→ SUPPLIED DATA
________________
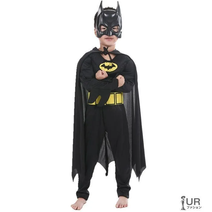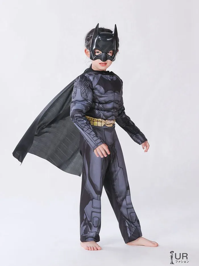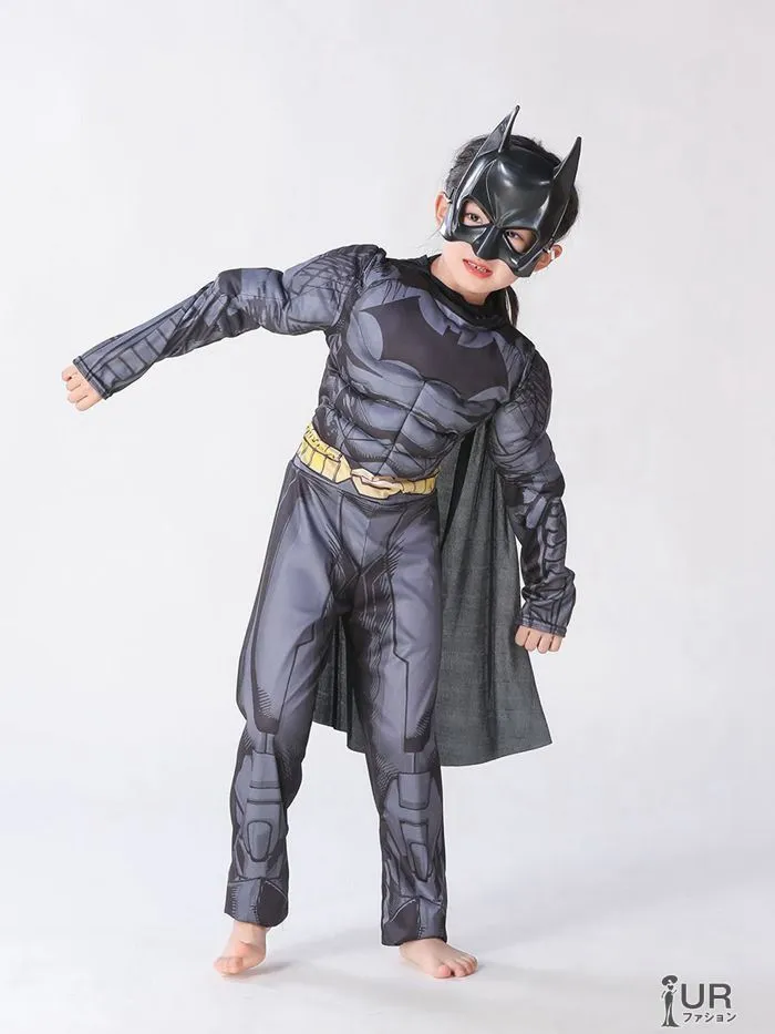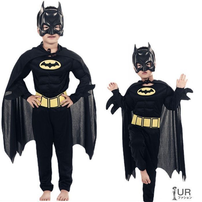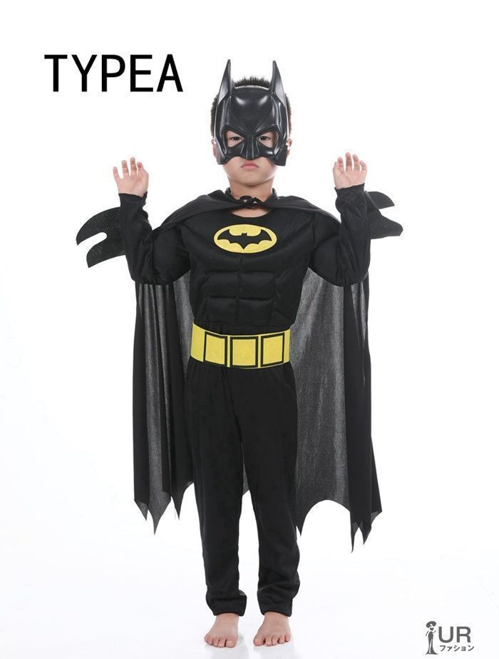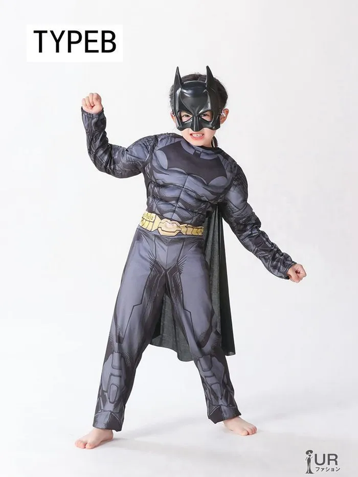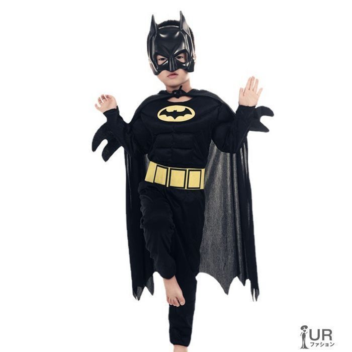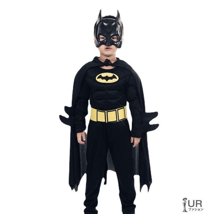 ハロウィン コスチューム キッズ 3点セット 子供 男の子 お面付 マント付き かっこいい マッチョ バットマン 筋肉服 バットマン コスプレバットマンコスチューム オールインワン 新年会 忘年会 コスプレイベント仮装 学園祭文化祭仮装
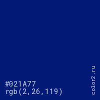 Цвет #021A77 в цветовой модели RGB обозначается тремя октетами (2, 26, 119) в десятичном формате и #021A77 в шестнадцатиричном (hex) формате, которые являются интенсивностью красного 2 (hex 02), интенсивность зелёного 26 (hex 1A) и интенсивность синего 119 (hex 77).
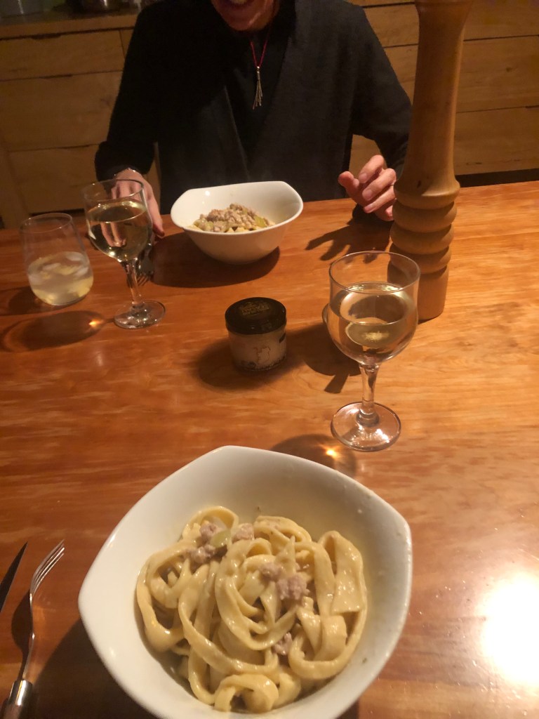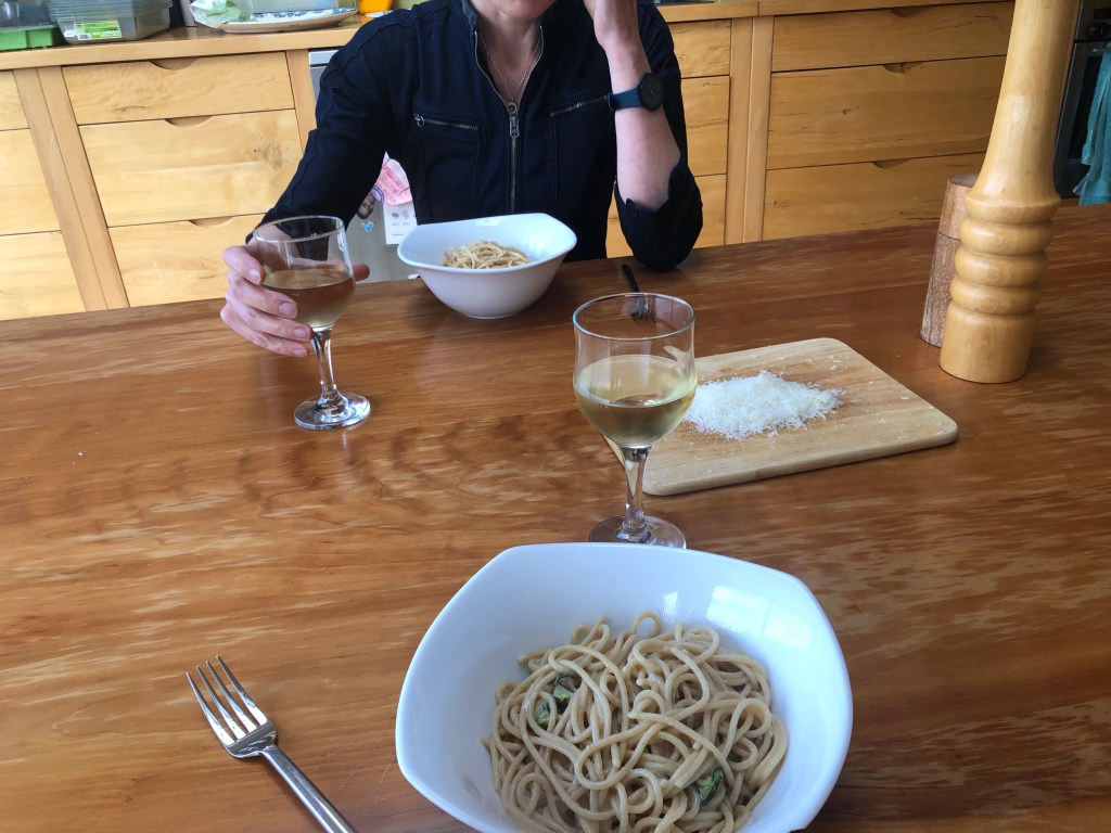It was time to talk to the pasta and see how he was doing. He was doing well, close to being ready to pop in a pot of boiling agua. (I didn’t tell him about the water, he was just relaxing there on the back of the chair and the chopping board and I didn’t want to harsh his buzz.) The advantage of fresh pasta, however, is that it needs way less time to cook than the packet stuff. So 25 minutes later, in went the tagliatelle mio (he just drifted off to sleep, peacefully) for about 4. You could leave it in for 5 or 6 if you don’t like plenty of al denty pasta with your meal. The result, if I say so myself, was non troppo male; pretty good.
________________
→ TASK
Please output the full listing above exactly, minus any pictures.

→ TASK SOLUTION
 ハロウィン コスチューム キッズ 3点セット 子供 男の子 お面付 マント付き かっこいい マッチョ バットマン 筋肉服 バットマン コスプレバットマンコスチューム オールインワン 新年会 忘年会 コスプレイベント仮装 学園祭文化祭仮装
 Цвет #021A77 в цветовой модели RGB обозначается тремя октетами (2, 26, 119) в десятичном формате и #021A77 в шестнадцатиричном (hex) формате, которые являются интенсивностью красного 2 (hex 02), интенсивность зелёного 26 (hex 1A) и интенсивность синего 119 (hex 77).
It was time to talk to the pasta and see how he was doing. He was doing well, close to being ready to pop in a pot of boiling agua. (I didn’t tell him about the water, he was just relaxing there on the back of the chair and the chopping board and I didn’t want to harsh his buzz.) The advantage of fresh pasta, however, is that it needs way less time to cook than the packet stuff. So 25 minutes later, in went the tagliatelle mio (he just drifted off to sleep, peacefully) for about 4. You could leave it in for 5 or 6 if you don’t like plenty of al denty pasta with your meal. The result, if I say so myself, was non troppo male; pretty good.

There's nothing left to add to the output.